Therefore, as you said, the decoders for the last dimension of the connection are all 0.

But if I understand correctly, the input for the function has to be a real value, not spiking signals from the neurons. Therefore, wouldn’t the spiking signals from the ensemble must be decoded first before the function computes the value? If so, then obviously, decoder values solved after the function has been computed can’t be used to solve the input of the function as it is 0 and the function will always read the w value as 0.

It seems like there is an intermediate decoding process to compute the input of the function first.
If so, is there a way to access that intermediate decoder values?

That is correct. I’ve posted a response to your question there demonstrating how to obtain the decoders for the feedback connection.

This depends on what exactly you are asking. There is a difference between the steps used to solve for the decoders, and how these decoders are actually applied to the spiking signals.

When solving for the decoders, yes, the inputs to the functions are real valued. Recall that the decoders serve to map a set of neuron firing rates to a desired decoded output (this output can be some function as well).
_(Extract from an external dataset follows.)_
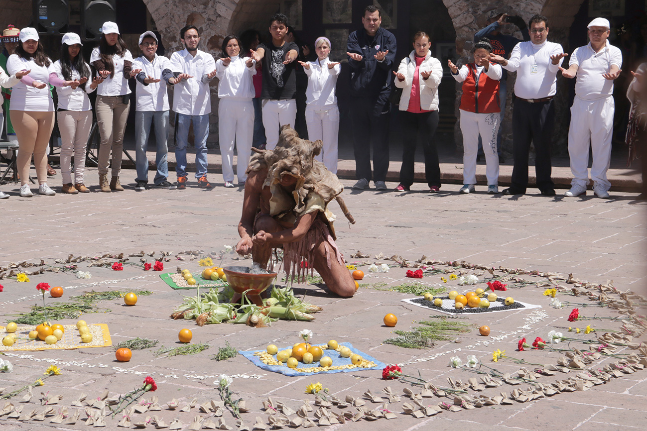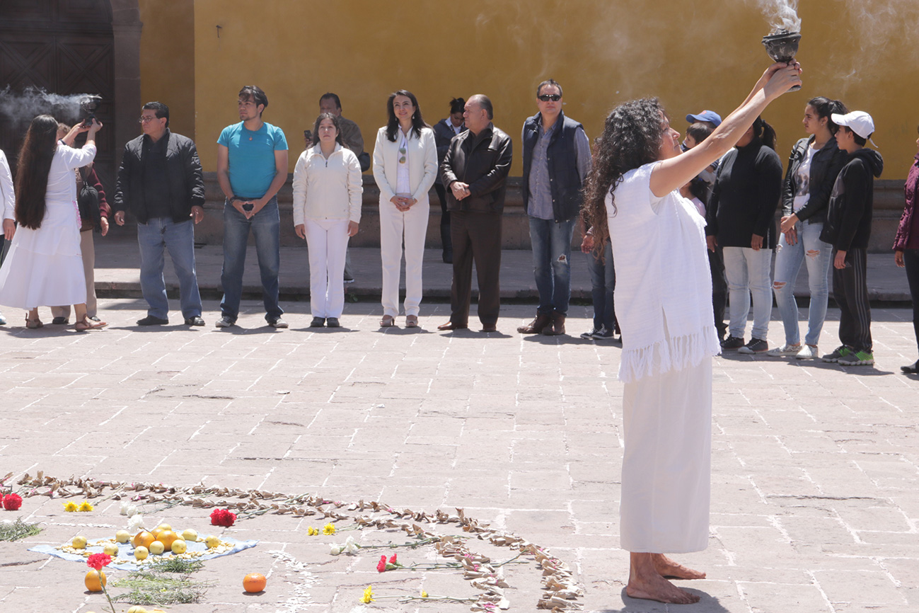 La presencia de los huicholes se logró gracias a la coordinación del Grupo Escénico “Doble Espacio”, bajo la Dirección del Maestro Gerardo Rivera “Kabuby”, quienes llevaron frutas para que los participantes realizaran la ofrenda a los dioses, como símbolo de agradecimiento por la llegada de la Primavera.

For the neuron types included in Nengo, even if you are using spiking neurons, the decoder solving step will use a rate-approximate of the neuron’s activation curve. Since a neuron’s firing rate (for a given input) is a real-valued number (and not spikes), the solver algorithm will have no problem solving for the decoding weights that achieve the desired function.

The application of the decoders to spiking signals (to produce the decoded output) is an even more straight-forward process. Since the decoders are just weights, the spiking signal is weighted (multiplied) by the decoders, and then filtered by the connection’s synapse (since the operations are commutative, the order of filtering and decoder multiplication doesn’t matter).

@xchoo

For the neuron types included in Nengo, even if you are using spiking neurons, the decoder solving step will use a rate-approximate of the neuron’s activation curve. Since a neuron’s firing rate (for a given input) is a real-valued number (and not spikes), the solver algorithm will have no problem solving for the decoding weights that achieve the desired function.
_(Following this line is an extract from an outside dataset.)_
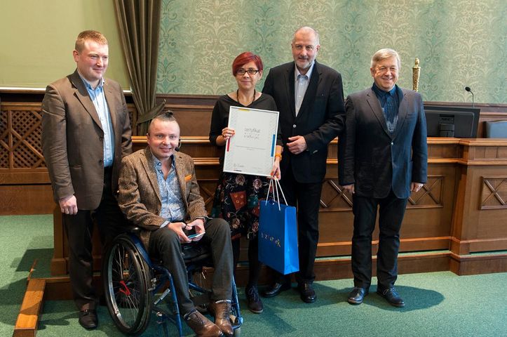 Certyfikat „Wrocław bez barier” promuje dobre postawy oraz działania podejmowane na rzecz pełnej dostępności i integracji. Niepełnosprawnik został nagrodzony w kategorii działania innowacyjne w zakresie powszechnej dostępności. Jak podczas wręczania certyfikatu mówił Bartłomiej Skrzyński - Rzecznik miasta Wrocławia ds. Osób Niepełnosprawnych: „To jest trzeci rok trwania miejskiego projektu, wyjątkowego w skali kraju. TUS skanuje też obiekty w Warszawie, Toruniu i Poznaniu. Te działania udowodniły ich potrzebę funkcjonowania w przestrzeni. Bo przecież wspiera to też osoby o ograniczonej mobilności, a we Wrocławiu poszerzyliśmy „pomiary” o miejsca dla Rodziców z dziećmi. Gdy w 2010 roku inicjowałem plebiscyt rozmawialiśmy z obecną wiceprezydent Wrocławia Anną Szarycz o tej kategorii. Nie spodziewaliśmy się, że każdego roku nagrodzeni, będą tak merytorycznie wybitni.” Certyfikat wręczał Rafał Dutkiewicz Prezydent Wrocławia. http://blogi.wroclaw.pl/miasto/certyfikaty-i-udoskonalanie-wroclawia-bez-barier/
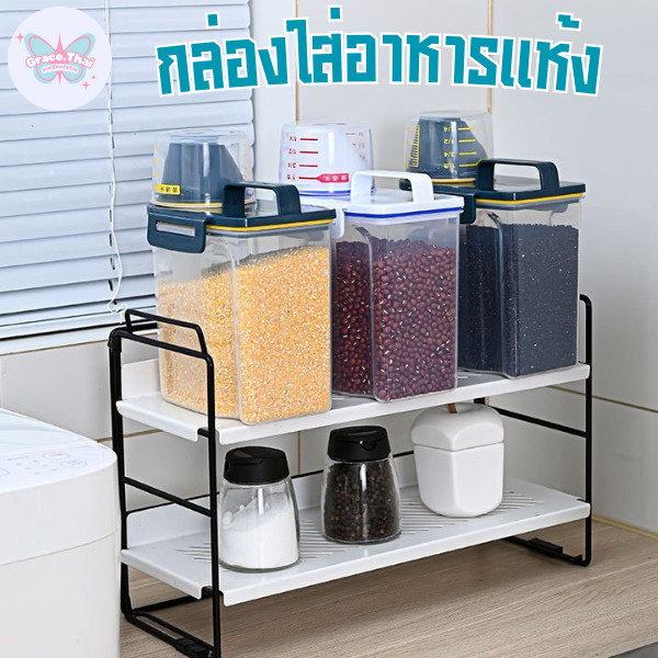 🍒Grace Thai🍒 กล่องใส่อาหารมีฝาปิด พร้อมถ้วยตวง พลาสติกอย่างดี กล่องใส่อาหารแห้ง ของใช้ในครัวเรือน

Wouldn’t you still need some sort of decoders to derive the values for the input of the function even with the rate-approximate neuron model? What I understand is as follows:

I mean, for the solver to map the outputs and the spiking rates, it must know the desired outputs and the spiking rates at the desired outputs first. If I understand correctly, the solver is basically doing this task: “Given these spiking rates and these desired outputs, find the decoder values that will map the desired rates to the desired outputs best”.
Now with the function applied, it would be: “Given these spiking rates and these desired output of the function, find the decoder values that will map the desired rates to the desired output of the function best”. (These decoder values are what I get when I probe the connection).

The question is, how does it know what the outputs of the function are? For any system, to know the output of the function, you need to know the inputs. To derive the inputs to the function from the spiking signals (even when it’s rate approximated), wouldn’t you need decoder to map the rates of the spiking signals to some values? In the controlled oscillator example, yes the decoder values on the feedback connection for the last dimensions are all 0 as the function just returns 0. However, it doesn’t mean that the inputs to the function for the last dimension are all 0. My question is that how does Nengo converts the rates of spiking to the inputs of the function?
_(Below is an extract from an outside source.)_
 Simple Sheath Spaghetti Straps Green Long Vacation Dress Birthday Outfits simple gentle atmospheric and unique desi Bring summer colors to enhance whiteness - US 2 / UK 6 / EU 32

Or are you saying that the rates are used directly as inputs for the function?

Thank you!

Hi @corricvale,

You are absolutely correct. I did neglect to fully explain one crucial part of the decoder solving (because it can be done in a couple of ways) step, and that is the process by which the inputs are derived.

In order to understand this process, I first need to explain how information flows through the neuron (i.e., how an input goes into a neuron to generate some output). In Nengo (and the NEF), as well as in other neural network architectures, the computation follows a similar schema:

input → input weights → neuron non-linearity → output weights → output

Before continuing, I should note that for multi-layer networks, some neural networks combine the input and output weights into one “weight matrix”:

input → L1 input weights → L1 non-linearity → L1 output weights → L2 input weights → L2 non-linearity → L2 output weights → output

becomes:

input → L1 input weights → L1 non-linearity → L1-L2 weight matrix → L2 non-linearity → L2 output weights → output

In the default mode of operation (i.e., using the NEF algorithm), the input weights are called “encoders”, and the output weights are called “decoders”. What’s different about Nengo compared to other neural network training software is that Nengo uses the NEF algorithm to solve for a set of decoders that “compute” a user-determined function, whereas other neural network training software (e.g., TensorFlow) use a learning algorithm to tune these weights. Each method has their own advantages and disadvantages but that’s beyond the scope of the discussion here.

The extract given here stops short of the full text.